A more general class of consequences might be called logical consequences. Consider a program P’ that doesn’t call S, but a different subroutine S’ that’s logically equivalent to S. In other words, S’ always produces the same output as S when given the same input. Due to the logical relationship between S and S’, your choice of output for S must also affect the subsequent execution of P’. Another example of a logical relationship is an S' which always returns the first bit of the output of S when given the same input, or one that returns the same output as S on some subset of inputs.

In general, you can’t be certain about the consequences of a choice, because you’re not logically omniscient. How to handle logical/mathematical uncertainty is an open problem, so for now we'll just assume that you have access to a "mathematical intuition subroutine" that somehow allows you to form beliefs about the likely consequences of your choices.

At this point, you might ask, “That’s well and good, but what if my preferences extend beyond abstract computations? What about consequences on the physical universe?” The answer is, we can view the physical universe as a program that runs S as a subroutine, or more generally, view it as a mathematical object which has S embedded within it. (From now on I’ll just refer to programs for simplicity, with the understanding that the subsequent discussion can be generalized to non-computable universes.) Your preferences about the physical universe can be translated into preferences about such a program P and programmed into the AI. The AI, upon receiving an input X, will look into P, determine all the instances where it calls S with input X, and choose the output that optimizes its preferences about the execution of P. If the preferences were translated faithfully, the the AI's decision should also optimize your preferences regarding the physical universe. This faithful translation is a second major open problem.

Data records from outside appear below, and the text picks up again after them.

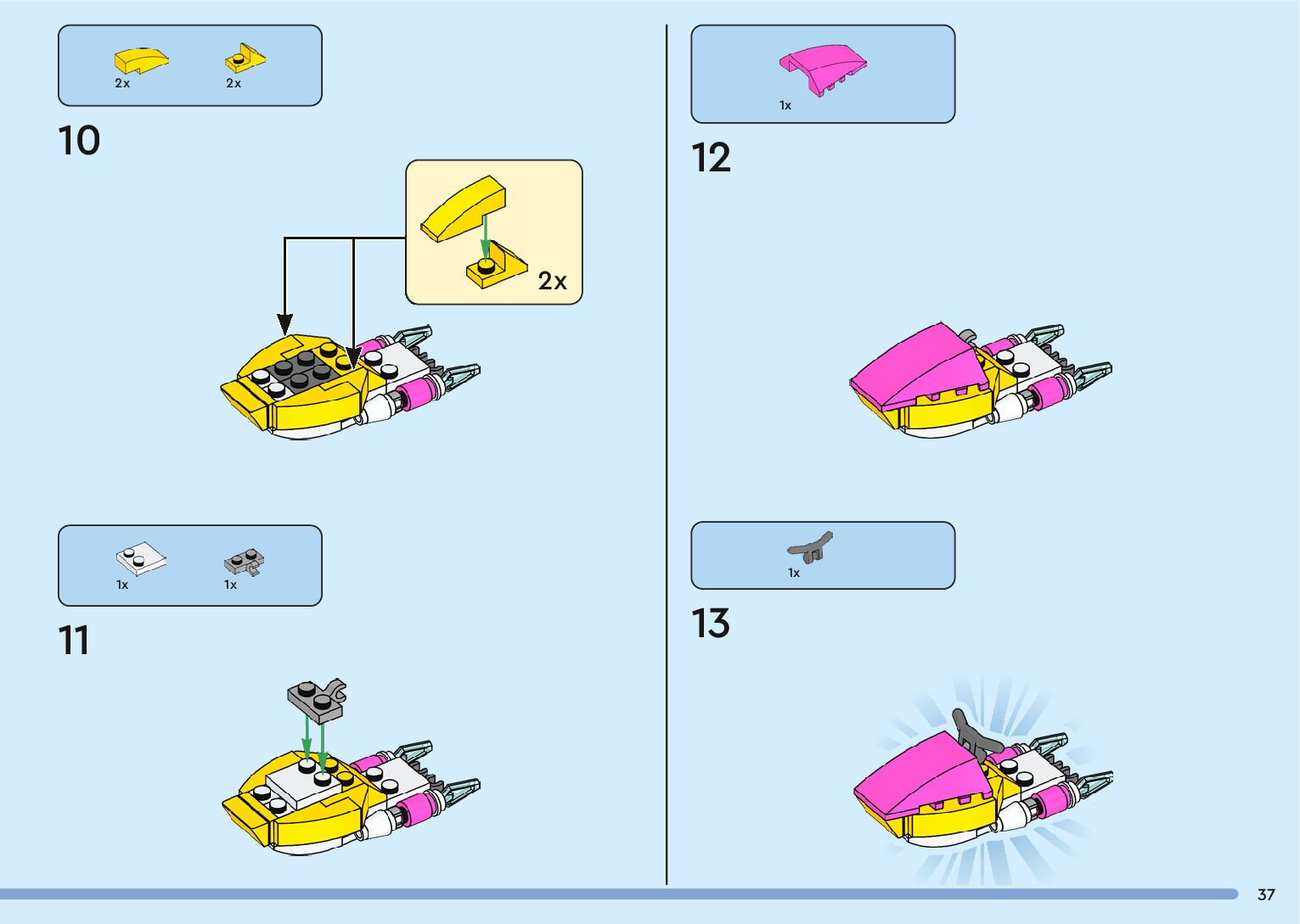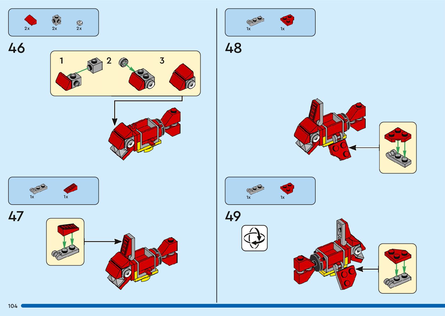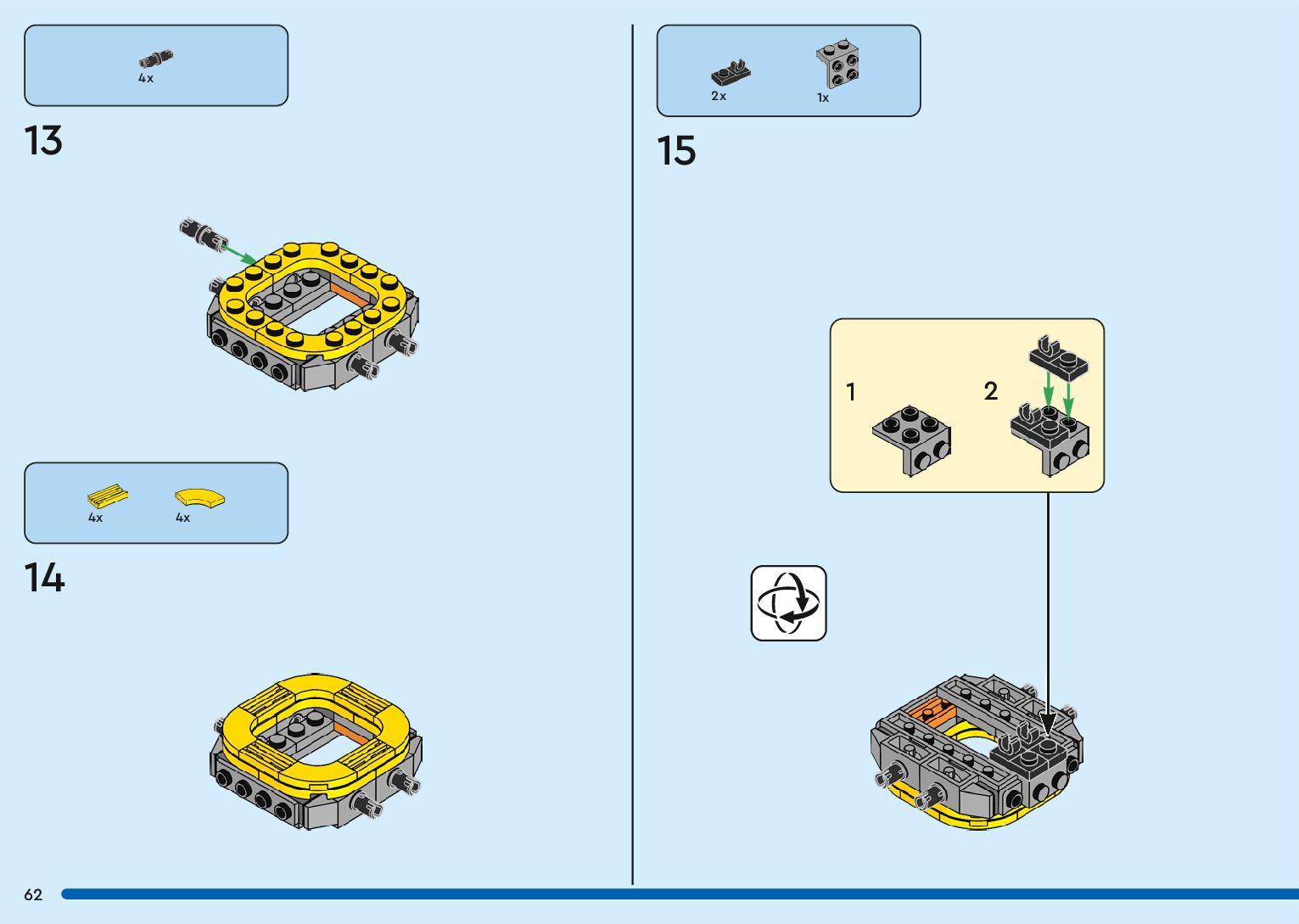 The assembly guide is prepared in a very understandable way for children and adult LEGO enthusiasts. A total of 124 picture galleries are shown, explaining the step-by-step construction stages for 1 different structures.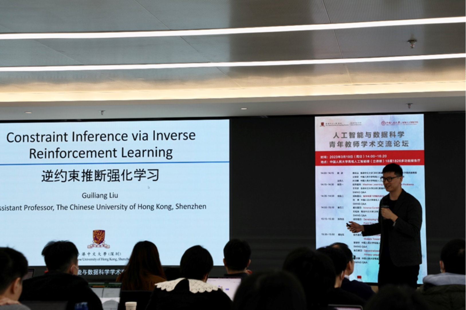 香港中文大学(深圳)数据科学学院助理教授刘桂良的报告围绕逆约束强化学习展开,他指出人们在将强化学习应用到许多现实场景(如自动驾驶)时,往往需要在一定的约束条件下最优化学习策略,但在许多情况下约束是不可知的。为此,刘桂良老师介绍了如何从数据中反向推断出所需要的约束从而实现逆约束强化学习,并分享了他们在逆约束强化学习方面的一些研究成果。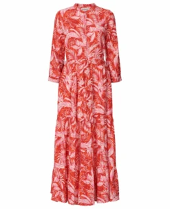 Lollys Laundry Nee Red Dress, a long printed dress in feminine red and pink print. With a simple round neckline and 3/4 length sleeves, the Nee is a bestseller. A floaty, full length skirt and button down front complete the look.
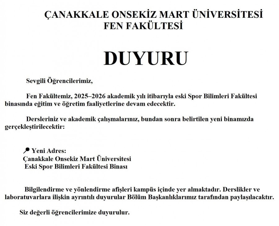 FEN FAKÜLTESİ BİNA DEĞİŞİKLİĞİ DUYURUSU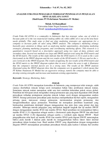 Melati, Harahap and Sri, Ramadhani (2023) Analisis Strategi Pemasaran Terhadap Peningkatan Penjualan Minyak Kelapa Sawit (Studi Kasus PT Perkebunan Nusantara IV Medan). Jurnal Edunomika, Vol. 7 (N0. 2). pp. 1-13.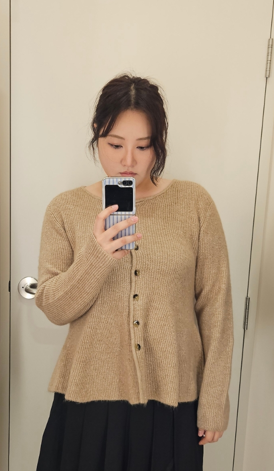 베이지 계열 기본 가디건은 심플한 디자인에 부드러운 실루엣으로 부담 없이 입기 좋다.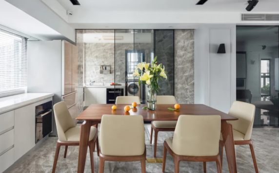 客餐厅是一体化设计,餐厨厅墙面和地面同样是沿用了简一的水云石系列,与客厅保持统一色调,形成了和谐的空间整体美。客餐厅一体化的开放式设计让视觉感受更加开阔畅通,色调明亮的定制餐边柜很是注重实用性能,其较大的储物空间,让餐厨空间收纳有序,将极简发挥到极致。餐厅与厨房以玻璃推拉门为隔,隔而不断,再加上厨房同样使用了水云石上墙铺贴,使得餐厨空间视觉上达到开放连贯的效果。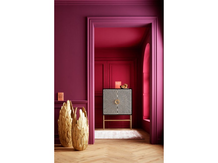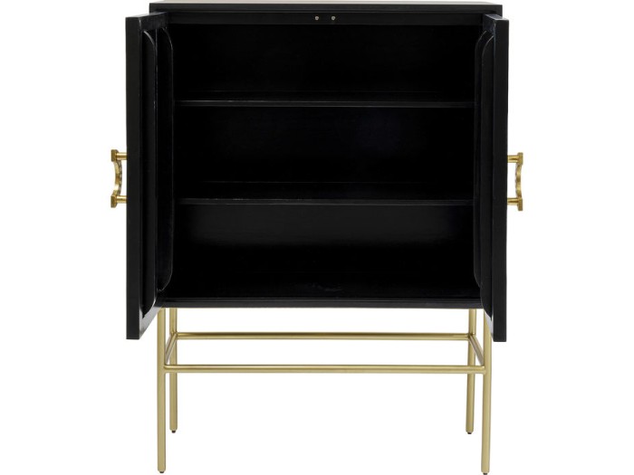 Φανταστικό έπιπλο μπαρ εξαιρετικής ποιότητας, που με το ασπρόμαυρο σχέδιο οπτικής ψευδαίσθησης στις δύο πόρτες και τη μεταλλική χρυσή βάση, θα δώσει glam γοητεία μυστηρίου στο χώρο σας.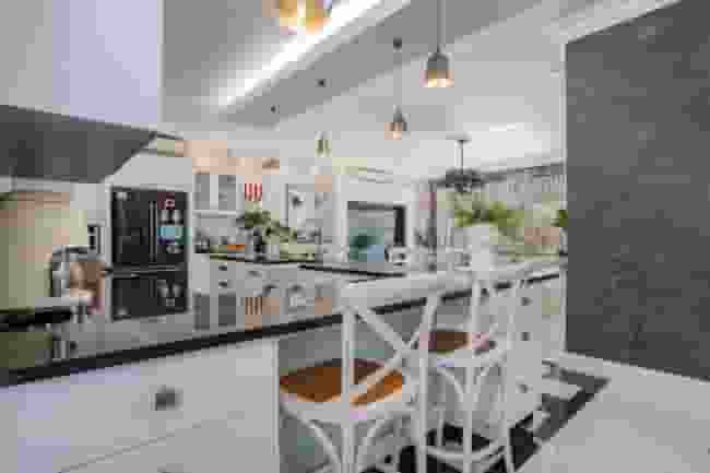 A landscaped fern walkway and portico entrance set the tone, leading to light-filled living spaces framed by floor-to-ceiling glass. The open-plan kitchen and dining area flow into a glass-enclosed entertainer’s lounge that opens fully to the north-facing garden and pool.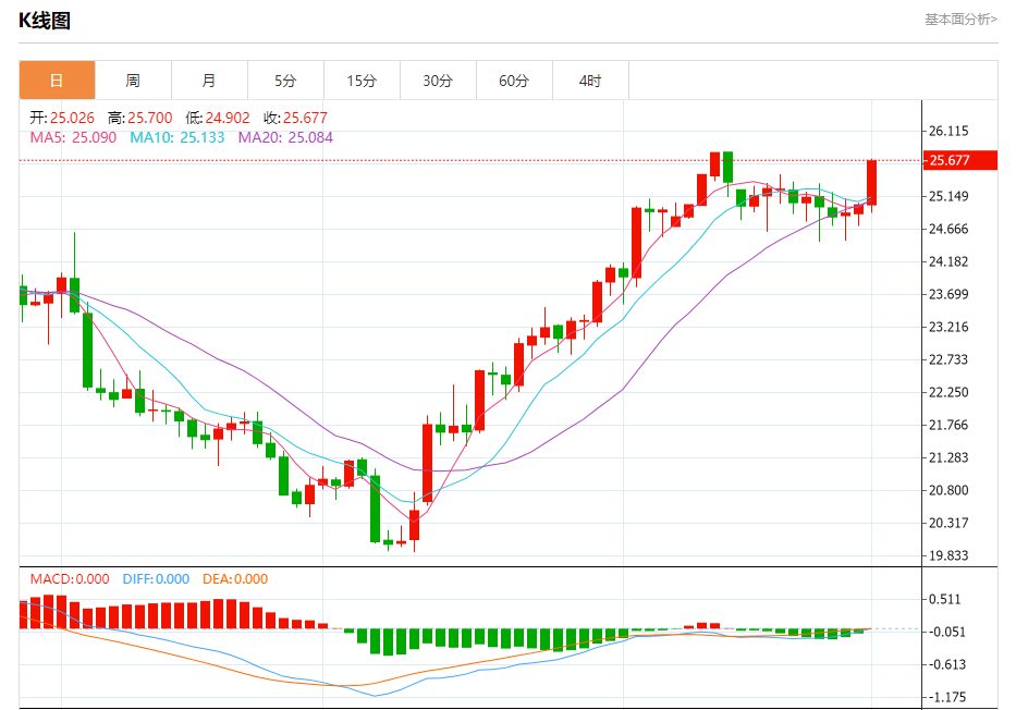 现货白银:截止北京时间20:29,现货白银上涨,现报25.672,涨幅2.58%。纽市盘前,白银价格在横盘轨道内波动,目前在EMA50附近结算,注意到随机指标明显失去其积极势头,现在开始负重叠,等待激励价格恢复负面交易以攻击24.60并打破它,以开辟向23.70反弹的道路,作为下一个负面目标。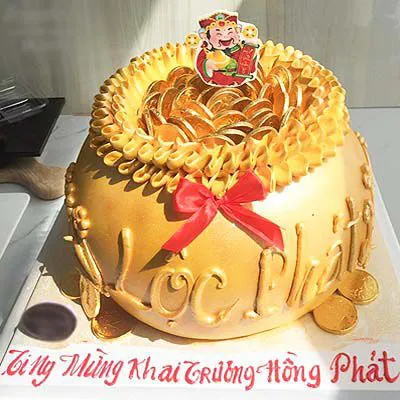 Bánh kem khai trương tất niên hũ vàng thần tài đồng tiền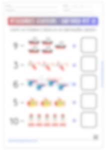 Na última atividade, os alunos terão que contar as figuras em cada conta para descobrir o valor escondido e resolver a subtração. Por exemplo, se há o número 9 e contamos 5 navios, temos a conta 9 – 5 = 4. Esta atividade desenvolve habilidades de subtração e contagem. Utilize materiais visuais, como figuras ou desenhos, para ajudar os alunos a visualizar a subtração. Explique a operação de subtração com exemplos concretos e verifique a compreensão dos alunos por meio de prática guiada.

What if you have some uncertainty about which program our universe corresponds to? In that case, we have to specify preferences for the entire set of programs that our universe may correspond to. If your preferences for what happens in one such program is independent of what happens in another, then we can represent them by a probability distribution on the set of programs plus a utility function on the execution of each individual program. More generally, we can always represent your preferences as a utility function on vectors of the form <E1, E2, E3, …> where E1 is an execution history of P1, E2 is an execution history of P2, and so on.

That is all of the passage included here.